A w moim odczuciu, podobnie jak u chimalmita, jest zgrzyt. W języku francuskim ta personifikacja mnie nie razi - po polsku tak.

Zdecydowanie ujęłabym to przekształcając na stronę bierna : "Jak miasto może stać się..."


----------



## BezierCurve

To może nie tyle strona bierna, co raczej użycie modalnego "móc", a dalej leci tak samo. Ale faktycznie, brzmi zgrabniej.


----------



## Jowi

Racja BezierCurve. Ale mimo wszystko podmiotem powinno być miasto, bo bezpodmiotowe "Jak stać się/być/zmienić się w..." jak dla mnie odnosi się do człowieka i celuje zarówno mówcę (ja) i odbiorcę (ty + wy wszyscy).


----------



## jazyk

Mimo personifikacji, według mnie zdanie to hiszpańskie nie brzmi pięknie. Myślę, iż _¿Cómo construir una ciudad global?_ byłoby o wiele lepsze. Ale _de gustibus non disputandum. _


----------



## kknd

Oprócz personifikacji da się tu odnaleźć również inną nutkę, o której nikt jeszcze nie wspomniał: wspomniane pytanie brzmi jakby autorefleksyjnie, tzn. w stylu _jak mógłbym stać się lepszym człowiekiem?/co mógłbym zrobić, aby być lepszym człowiekiem?_ Zachęca niejako w ten sposób mieszkańców do utożsamienia się ze społecznością (wspomnianym miastem, które tworzą).

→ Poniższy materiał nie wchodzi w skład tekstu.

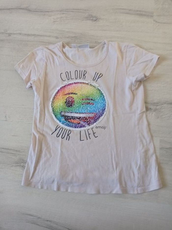 Tee-shirt marque emoji taille 10 11 ans en très bon état. La couleur blanche sur les strass sont d'origine voir photo 3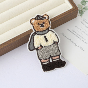 かわいいクマの刺繍布ステッカー、ベビー服と子供服のアクセサリー、粘着パッチステッカー、バッグ装飾刺繍ラベル、DIY布ステッカー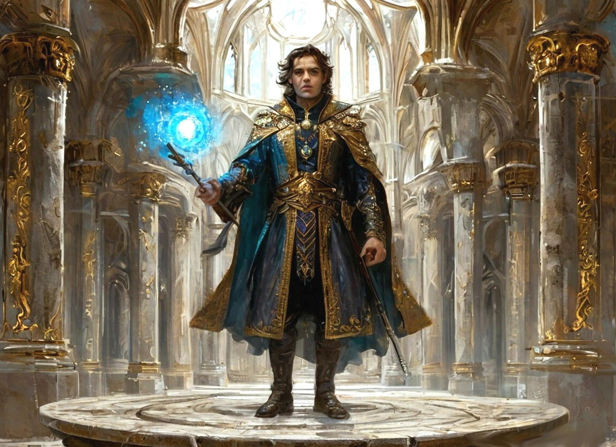 Он поднял руку с небольшим прибором, похожим на короткий жезл и указал им в сторону панели, на которой были расставлены десятки каменных пластин с магическими символами. В ту же секунду символы на пластинах начали вспыхивать ярким светом и тут же гаснуть. Их последовательность и скорость, с которой они зажигались, были просто невероятными. Подчиняясь активированным формулам, каменный диск, на котором стоял гость, перевернулся и плавно опустился на пол.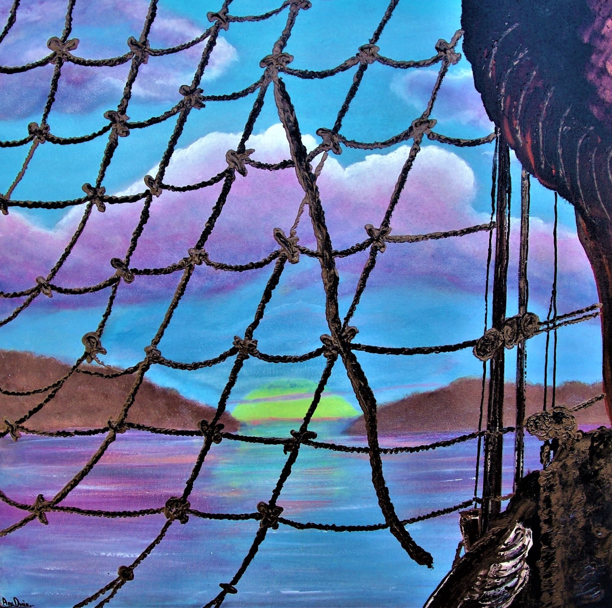 The rigging of the ship, painted with acrylic on cotton and finished with varnish. In the ropes s the colour gold and brons, very beautifull. Sides painted in gold (mat), no need for a list. Ready to hang.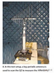 雖然從前面的討論中可以清楚地知道,在低頻時錐形暗室可以比矩形暗室提供更多的優勢,但測量數據表明錐形暗室具有真正的可用性。圖5 是一個200MHz至40GHz的小型錐形暗室,外形尺寸為12×12×36英尺,靜區大小為1.2米。這里采用了一個雙脊寬帶喇叭天線照射較低頻率的靜區。然后利用安捷倫(Agilent)公司的N9030A PXA頻譜分析儀以一個對數周期天線測量靜區。在200MHz點測得的反射率大于30Db(如圖6所示)。圖7 和 圖8分別顯示了饋源頂部的源天線和靜區中的掃描天線。

Wszystko zależy od celu, który chcemy osiągnąć. Jeżeli weźmiemy pod uwagę powyższy, to chyba ciężko znaleźć lepsze zdanie... Biorąc pod uwagę powyższe propozycje należałoby ułożyć zdanie mniej więcej następującej postaci: _jak nasze miasto może stać się miastem globalnym?/jak nasze miasto mogłoby się stać miastem globalnym?_


----------